[Records contained in a dataset]
⁂

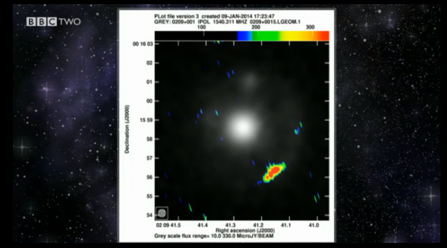 The image above was taken using the eMERLIN array of radio telescopes, which included the Lovell Telescope at Jodrell Bank Observatory where BBC Stargazing Live is filmed. It shows the arc of a lensed galaxy which is over 10 billion lightyears from Earth! This lens event was discovered by our volunteers on Space Warps during this year’s series of Stargazing Live shows. Below is the original VICS82 image seen by our citizen scientists.
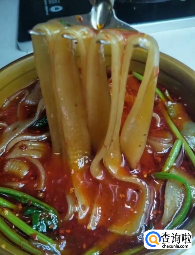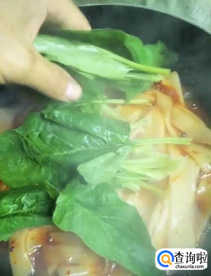 然后放入泡好的宽粉条,煮两分钟,再放入洗净的菠菜,开锅以后关火即可
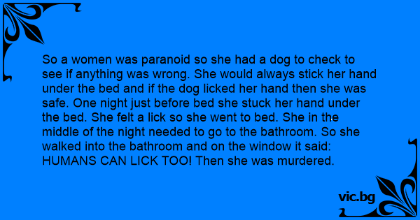 So a women was paranoid so she had a dog to check to see if anything was wrong. She would always stick her hand under the bed and if the dog licked her hand then she was safe. One night just before bed she stuck her hand under the bed. She felt a liск so she went to bed. She in the middle of the night needed to go to the bathroom. So she walked into the bathroom and on the window it said: HUMANS CAN LIСК TOO! Then she was murdered.
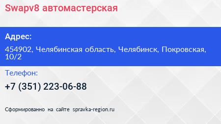 Swapv8, автомастерская по адресу 454902, Челябинская область, Челябинск, Покровская, 10/2 в дальнейшем Организация, размещена в следующих категориях:
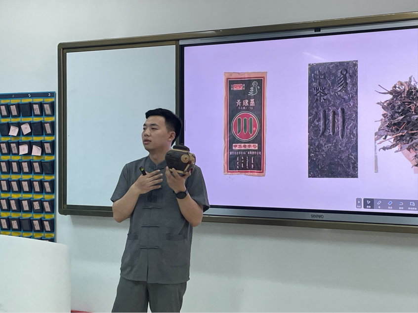 本次公开主题班会以咸宁青砖茶为主题,从茶之源、茶之韵、茶之道、茶之虑和茶之悟这五个方面进行讲解,带领同学们深入领略了这一茶韵的独特魅力。活动伊始,为让同学们直观感受茶文化的魅力,胡振华特意泡上青砖茶,大家围坐品茗,茶香弥漫。品茶如品人,初尝浓烈似年轻人初入社会的冲劲与青涩,再品醇厚甘甜如历经风雨后的成熟稳重。
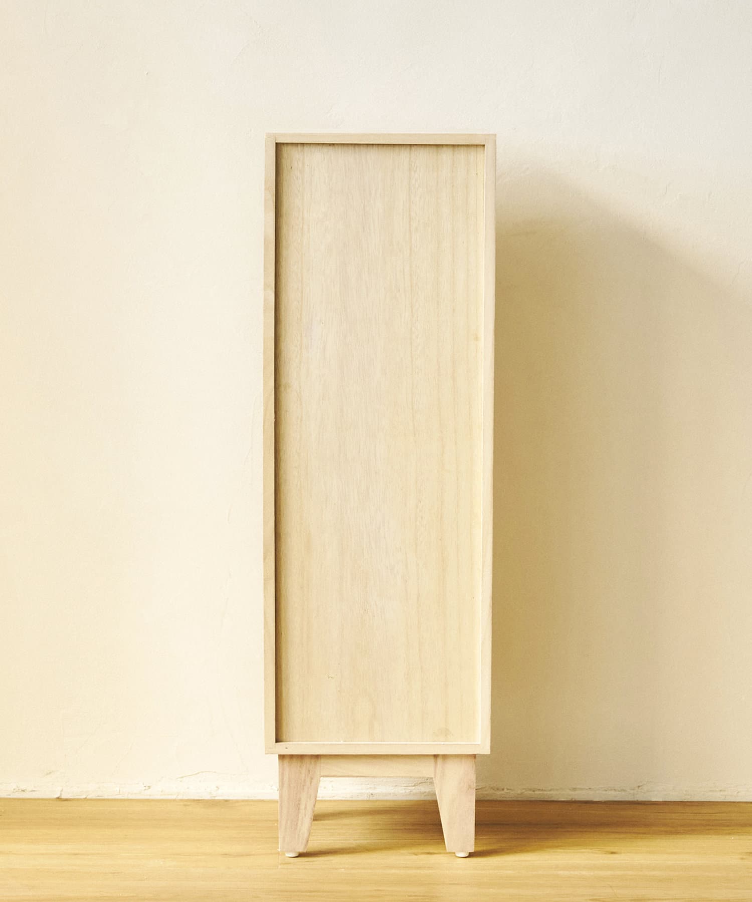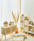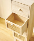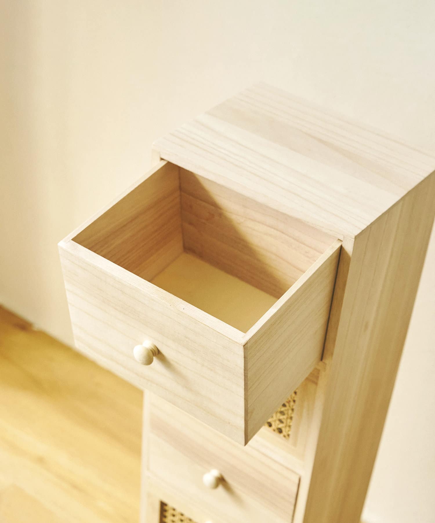 ●明るいカラーのウッドとラタンの引き出し面がナチュラルキレイめデザイン。
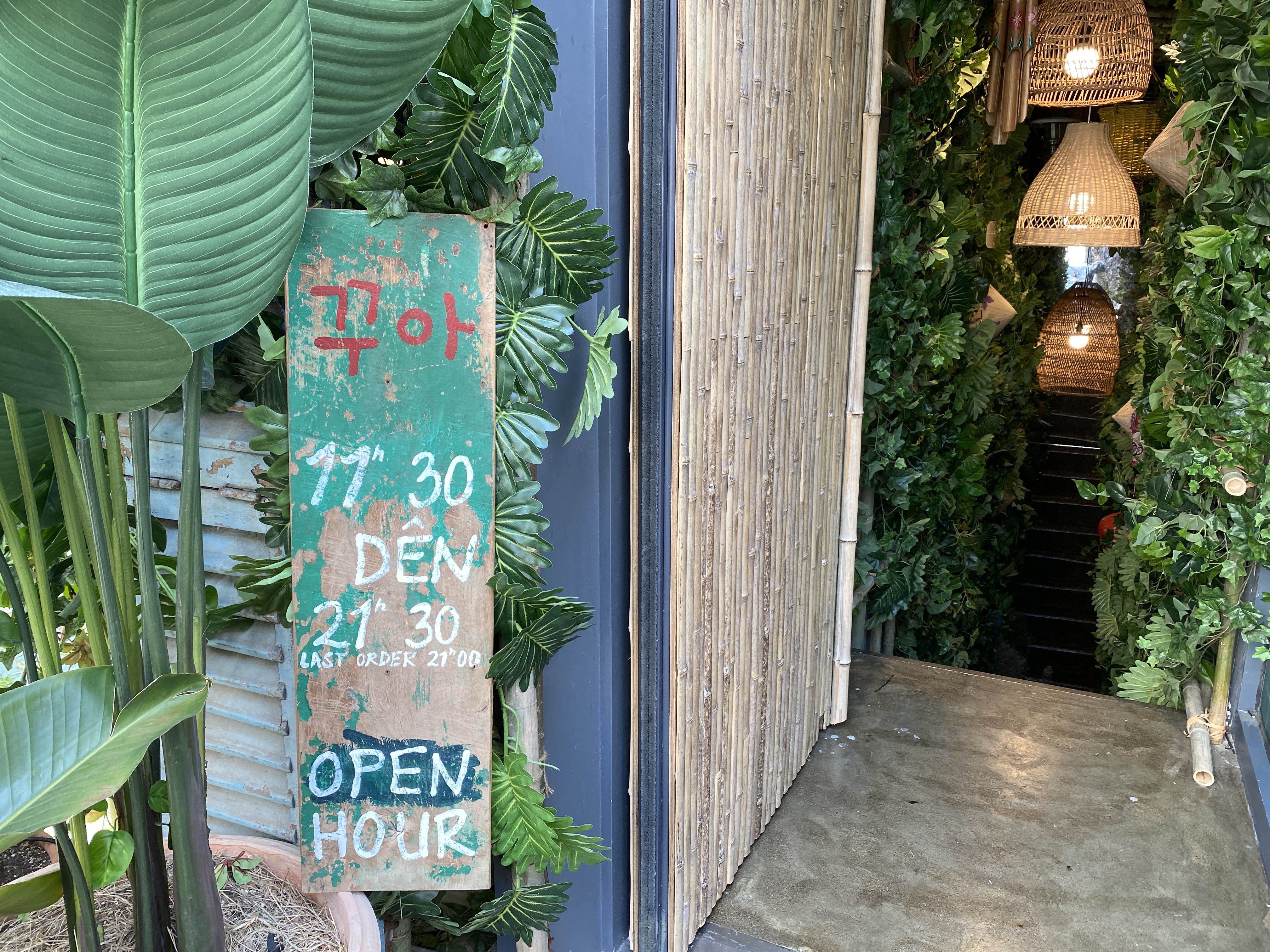 골목골목 구경하다가 눈에 띄는곳을 발견! 입구 내려가는 계단부터 너무 이쁘게 꾸며놔서 바로 선택! 쌀국수와 분짜, 반세오 등의 메뉴가 있는 베트남 음식점 꾸아! 다른 식당들 처럼 밖에 웨이팅이 안보이길래 바로 먹을 수있을 줄알았는데
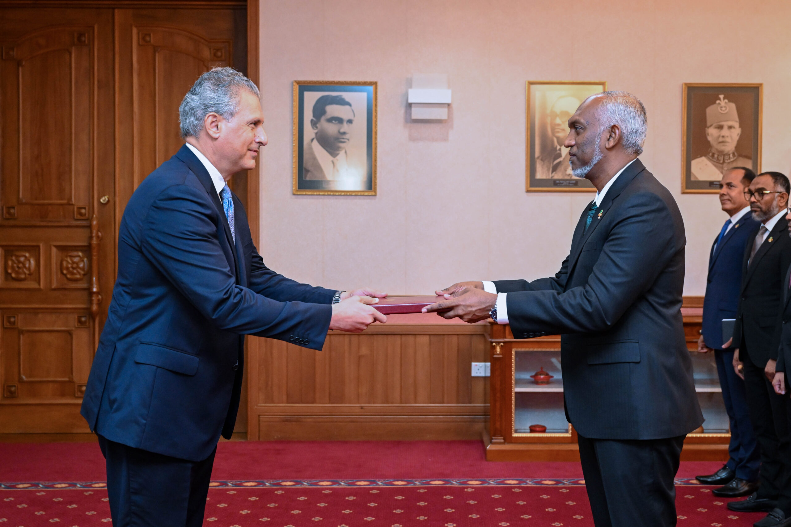 އުރުދުންގެ ސަރުކާރުން ދިވެހިރާއްޖެއަށް ކަނޑައެޅުއްވި އައު ސަފީރު، ޑރ. މައެން ޚުރައިސަތު އެމަނިކުފާނުގެ ސަފީރުކަމުގެ ފަތްކޮޅު ރައީސުލްޖުމްހޫރިއްޔާ ޑރ. މުޙައްމަދު މުޢިއްޒުއަށް މިއަދު އަރުވައިފި އެވެ.
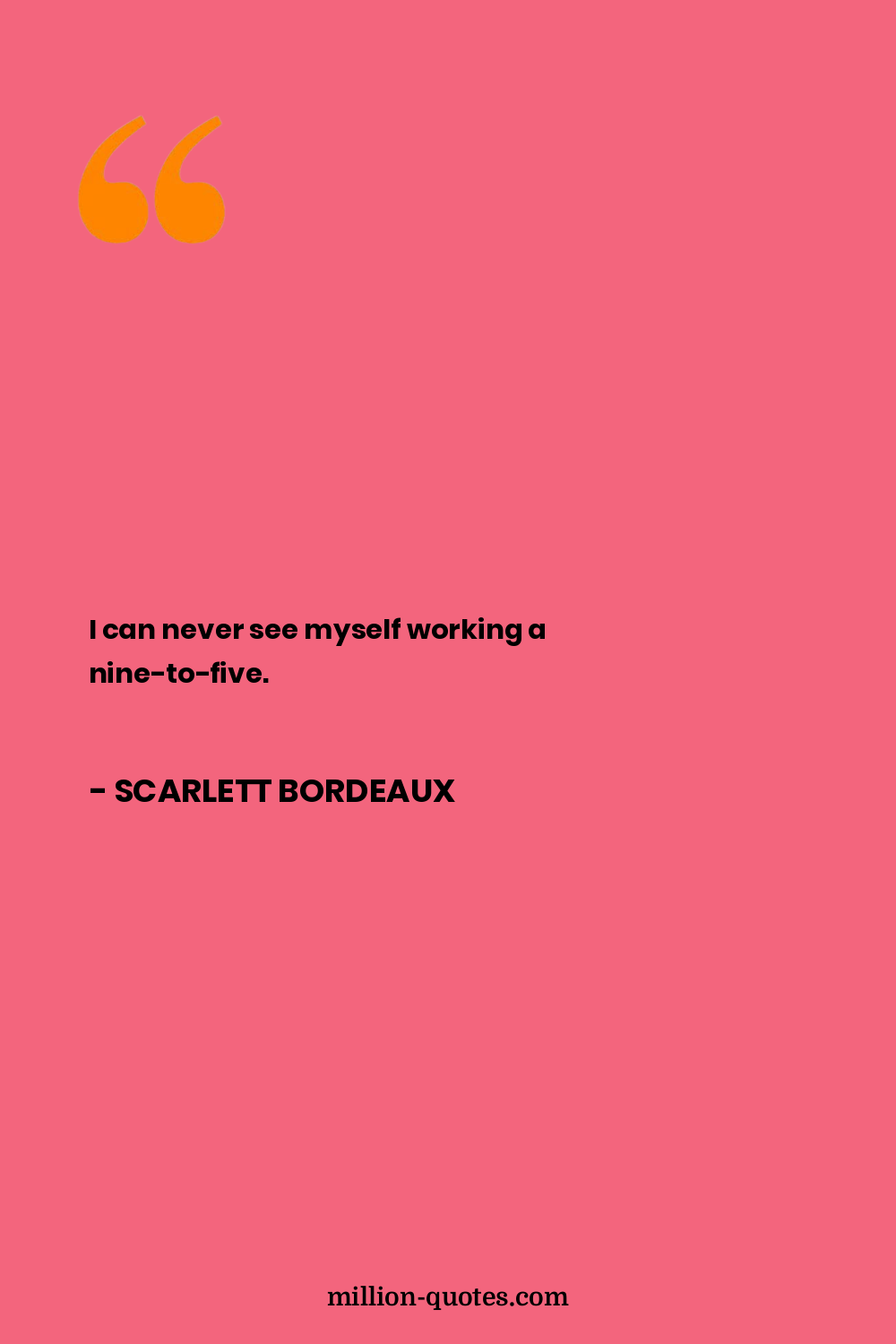 I can never see myself working a nine-to-five.
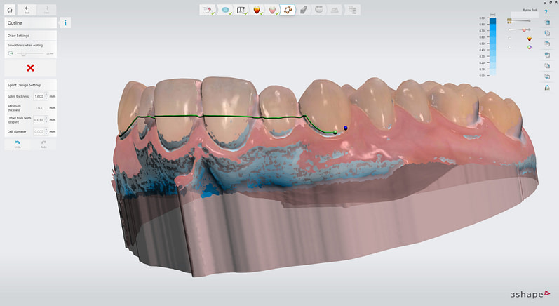 I utilized 3Shape Splint Studio, a module within the 3Shape Unite Platform, to plan and design the bite splint.
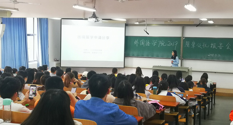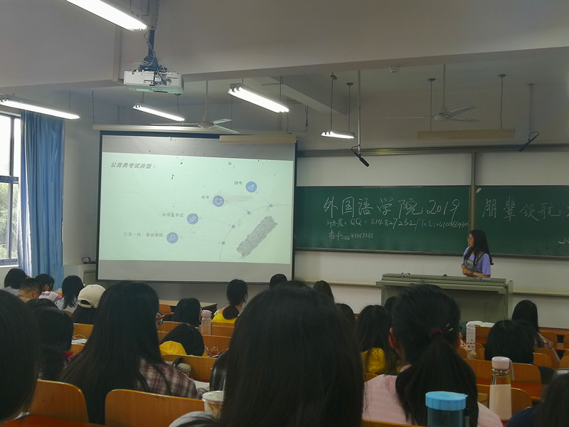 在崇志楼120教室举办了2019年朋辈领航讲座—考研求职出国考公经验分享交流会。2019届优秀毕业生代表梅桂、邱思晨、刘静、向钰受邀出席并作经验交流。学院全体2016级、2017级学生参加。
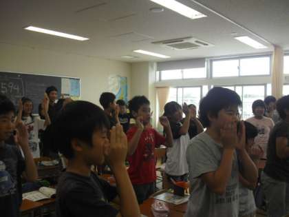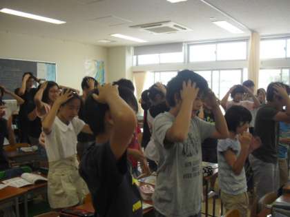 歌に合わせて体の部位に触れながら、英語に親しむ活動中でした。音楽がゆっくりしたものから急にテンポがアップして・・・うまくリズムについていけなくなってきましたよ・・・
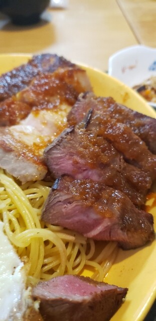 ローストポーク150㌘、ミスジステーキ150㌘、ハンバーグ400㌘、目玉焼き二個、パスタ(ペペロンチーノ)

⁂

Return all of the entries exactly as written, but drop any pictures they hold.

 The image above was taken using the eMERLIN array of radio telescopes, which included the Lovell Telescope at Jodrell Bank Observatory where BBC Stargazing Live is filmed. It shows the arc of a lensed galaxy which is over 10 billion lightyears from Earth! This lens event was discovered by our volunteers on Space Warps during this year’s series of Stargazing Live shows. Below is the original VICS82 image seen by our citizen scientists.
 然后放入泡好的宽粉条,煮两分钟,再放入洗净的菠菜,开锅以后关火即可
 So a women was paranoid so she had a dog to check to see if anything was wrong. She would always stick her hand under the bed and if the dog licked her hand then she was safe. One night just before bed she stuck her hand under the bed. She felt a liск so she went to bed. She in the middle of the night needed to go to the bathroom. So she walked into the bathroom and on the window it said: HUMANS CAN LIСК TOO! Then she was murdered.
 Swapv8, автомастерская по адресу 454902, Челябинская область, Челябинск, Покровская, 10/2 в дальнейшем Организация, размещена в следующих категориях:
 本次公开主题班会以咸宁青砖茶为主题,从茶之源、茶之韵、茶之道、茶之虑和茶之悟这五个方面进行讲解,带领同学们深入领略了这一茶韵的独特魅力。活动伊始,为让同学们直观感受茶文化的魅力,胡振华特意泡上青砖茶,大家围坐品茗,茶香弥漫。品茶如品人,初尝浓烈似年轻人初入社会的冲劲与青涩,再品醇厚甘甜如历经风雨后的成熟稳重。
 ●明るいカラーのウッドとラタンの引き出し面がナチュラルキレイめデザイン。
 골목골목 구경하다가 눈에 띄는곳을 발견! 입구 내려가는 계단부터 너무 이쁘게 꾸며놔서 바로 선택! 쌀국수와 분짜, 반세오 등의 메뉴가 있는 베트남 음식점 꾸아! 다른 식당들 처럼 밖에 웨이팅이 안보이길래 바로 먹을 수있을 줄알았는데
 އުރުދުންގެ ސަރުކާރުން ދިވެހިރާއްޖެއަށް ކަނޑައެޅުއްވި އައު ސަފީރު، ޑރ. މައެން ޚުރައިސަތު އެމަނިކުފާނުގެ ސަފީރުކަމުގެ ފަތްކޮޅު ރައީސުލްޖުމްހޫރިއްޔާ ޑރ. މުޙައްމަދު މުޢިއްޒުއަށް މިއަދު އަރުވައިފި އެވެ.
 I can never see myself working a nine-to-five.
 I utilized 3Shape Splint Studio, a module within the 3Shape Unite Platform, to plan and design the bite splint.
 在崇志楼120教室举办了2019年朋辈领航讲座—考研求职出国考公经验分享交流会。2019届优秀毕业生代表梅桂、邱思晨、刘静、向钰受邀出席并作经验交流。学院全体2016级、2017级学生参加。
 歌に合わせて体の部位に触れながら、英語に親しむ活動中でした。音楽がゆっくりしたものから急にテンポがアップして・・・うまくリズムについていけなくなってきましたよ・・・
 ローストポーク150㌘、ミスジステーキ150㌘、ハンバーグ400㌘、目玉焼き二個、パスタ(ペペロンチーノ)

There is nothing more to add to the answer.